By saying: "I would still recommend for you to consider modeling the completed planned processes you have in mind, and then relate your ongoing processes to the parts of the completed one" I meant to suggest exactly what you are doing: Use the planned processes as they are, that is perfectly fine. It is just that you will have axioms that imply things such as 'at the end of this investigation, we will have gathered data on XYZ'. If it ends up that the investigation gets cancelled before that data is gathered, you could reclassify the instance as a 'failed investigation'. But while a planned process is ongoing it is normally unproblematic to refer to it as a planned process. If you have specific problems that arise from that, I would be very curious to hear about them.

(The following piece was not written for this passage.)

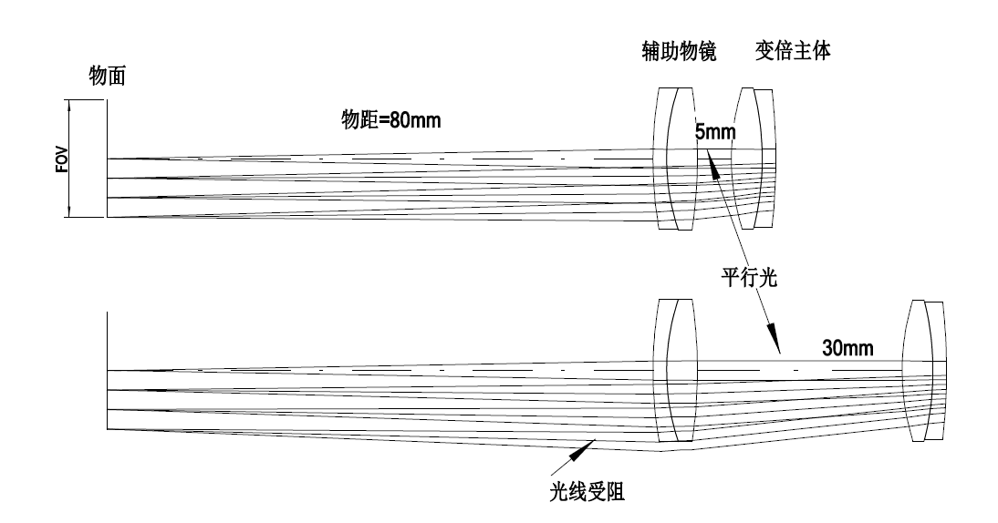 图 2当辅助物镜与变倍主体之间的距离由5mm增大到30mm时,光线被辅助物镜遮挡

Maybe stupid analogy: If you are seeing a hand sticking out from a blanket, would you have a problem describing it using the FMA term for hand? FMA assumes that the hand is part of a body. But it could be that you are looking at a hand that was chopped off. If you are working on an ontology of bodily mutilation, these might be important distinctions, and I would question your life choices. But in most applications, it is perfectly fine and useful to refer to anatomical entities as parts of a canonically defined whole. We have used the same approach for planned processes.

On Thu, Jul 11, 2019 at 12:04 PM Pier Luigi Buttigieg < notifications@github.com> wrote:

Thanks @bpeters42 https://github.com/bpeters42

We're dealing with multi-year development processes that of course have objectives and are planned, but are not complete or likely to be complete before we need an ontology class for them.

Looking at editor notes like this:

We are only considering successfully completed planned processes. A plan may be modified, and details added during execution. For a given planned process, the associated realized plan specification is the one encompassing all changes made during execution. This means that all processes in which an agent acts towards achieving some objectives is a planned process.

...does suggest that the process need not be complete.

The curator note:

This class merges the previously separated objective driven process and planned process, as they the separation proved hard to maintain. (1/22/09, branch call)

...is informative. "objective driven process" would be the right one in this case, I think.

For the moment, we're going to use 'planned process' for ongoing processes. If you say that this is incorrect, I think we should add this as an issue to an Operations Committee call.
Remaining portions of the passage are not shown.